I was reading this page about APPLY:
http://sqlblog.com/blogs/alexander_kuznetsov/archive/2009/07/07/using-cross-apply-to-optimize-joins-on-between-conditions.aspx
There is no definitive "before" and "after" on these queries. RDBMS is allowed to decide when to run what part of the query, as long as the results the query produces do not change.
In the first case, there is nothing the query can do to pre-filter the rows of Commercials
, because the WHERE
clause constrains only the rows of the Calls
. These constraints specified a range for c.AirTime
in terms of the corresponding row of Commercials
, so no pre-filtering is possible: all rows of Calls
would be considered for each row of Commercials
.
In the second case, however, RDBMS can improve on the time by observing that you additionally constraint the range for c.AirTime
to between 23:45 on Jun-30, 2008 through midnight of Jul-1, 2008 by constraining s.StartedAt
to which c.AirTime
is joined. This can allow the optimizer use an index, if one is defined on the Calls.AirTime
column.
The important observation here is that the RDBMS can do very clever things when optimizing your query. It arrives at the optimized strategy by applying multiple rules of logic, trying to push the constraints closer to the "source of rows" in a join.

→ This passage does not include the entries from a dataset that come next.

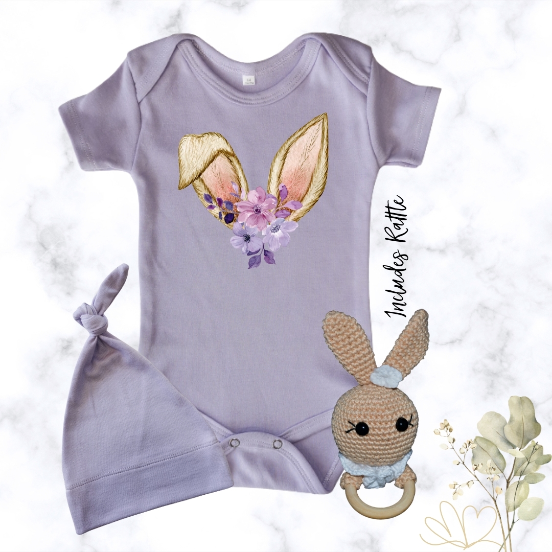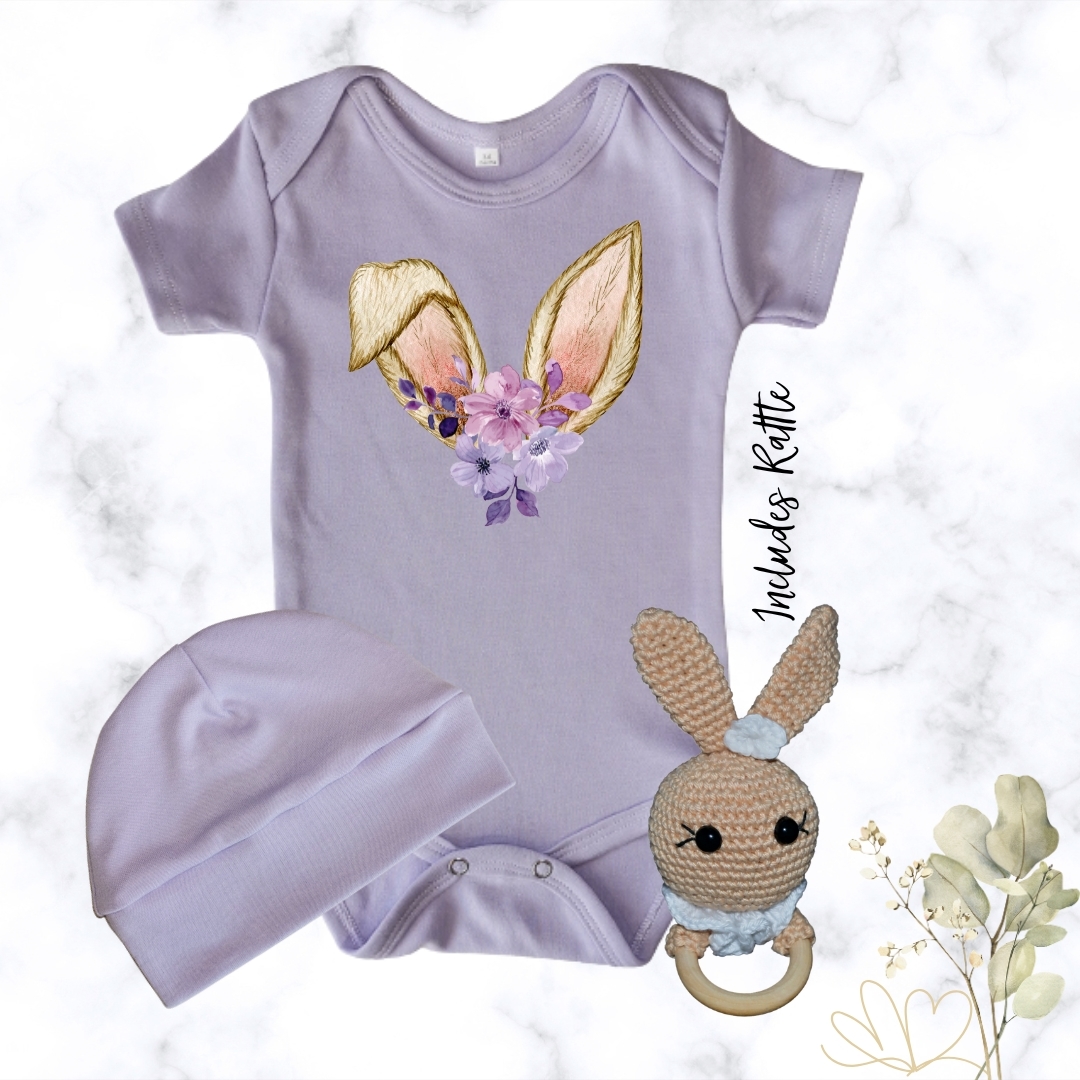 A long sleeve lavender Hello Little Bunny printed baby onesie with a bunny teether/rattle and beanie included. Soft cotton, photo-ready, and Ready to Collect or Ship.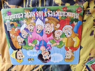 Puzzle de Blancanieves y los siete enanitos. El rompecabezas muestra a Blancanieves y los siete enanitos en un entorno de cuento de hadas. La editora es CODIMA, S.A. Contiene el código de barras 8477655432135. El cuento original es de los hermanos Grimm y se hizo famoso por la adaptación cinematográfica de Walt Disney. - Ilustración colorida de los personajes. - Advertencia: No recomendado para menores de 3 años por contener piezas pequeñas.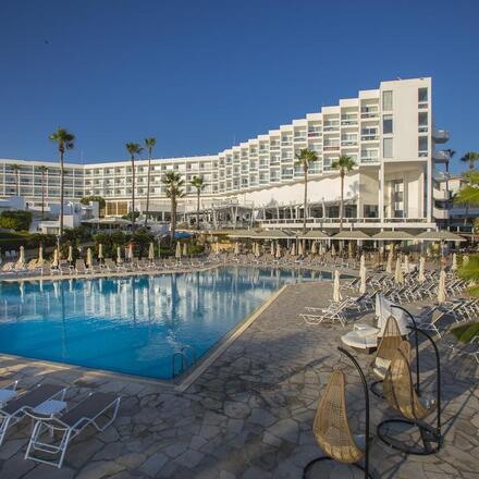 Much loved by Brits and within walking distance of Paphos harbour and the resort's Roman mosaics, the common areas of this 1980s-vintage Cypriot hotel sport a retro, colonial style, set off by lush, tropical gardens. Many rooms have sea views and terraces, some have private plunge pools. Breakfasts are excellent.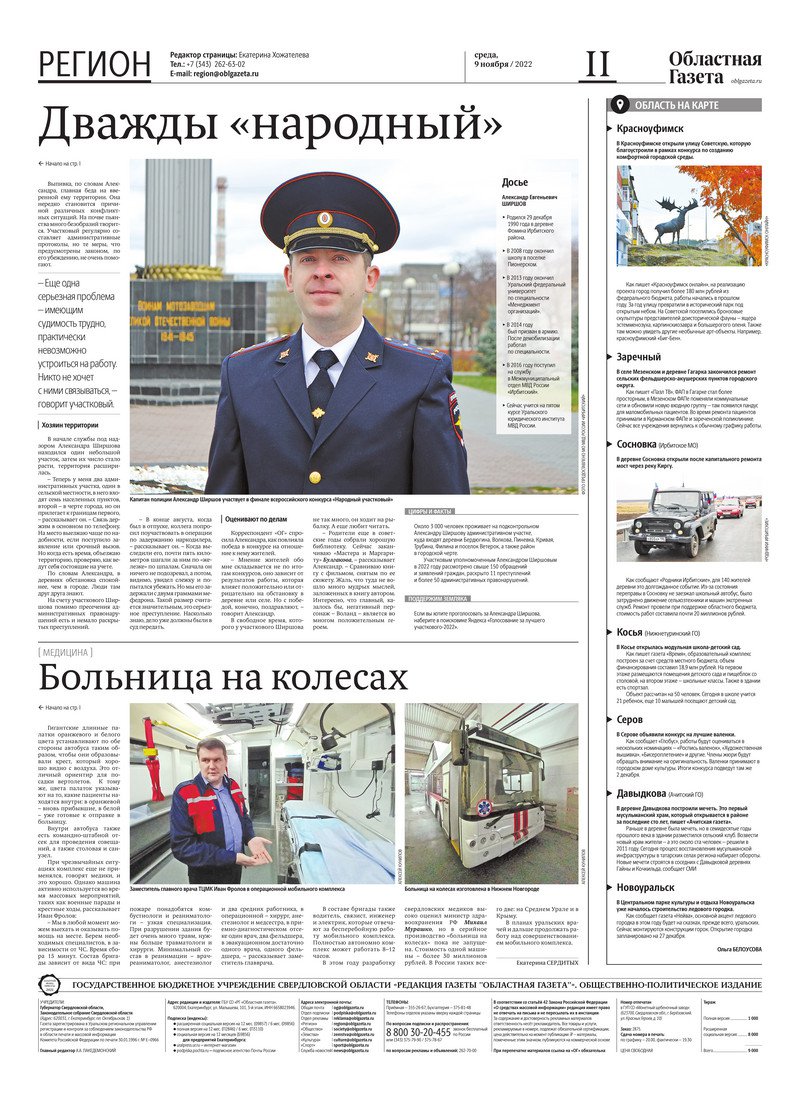 «Областная газета» № 205 (9478) от 9 ноября 2022 года

The best option to checking what the optimizer does is reading the query plan.
A massive amount of logic, time, blood, sweat, and tears have gone into the SQL Server Engine Optimizer, which is what determines the query plan that determines how a statement is actually processed. What is written in a statement in no way reflects what actually executes in the engine.
To really see what's going on, run your queries with the show actual query plan option enabled. My guess is that based on the additional where clause the data is being pre-filtered by the optimizer.
The second query is faster why you are limiting the scope of the join.
First query: A join B
Second query: A join subset(B)
As subset(B) < B itself there are a lot less matches to scan for.
And that leads to the question: the column used in that join got a index? (Probably not or the speeds cannot differ a lot)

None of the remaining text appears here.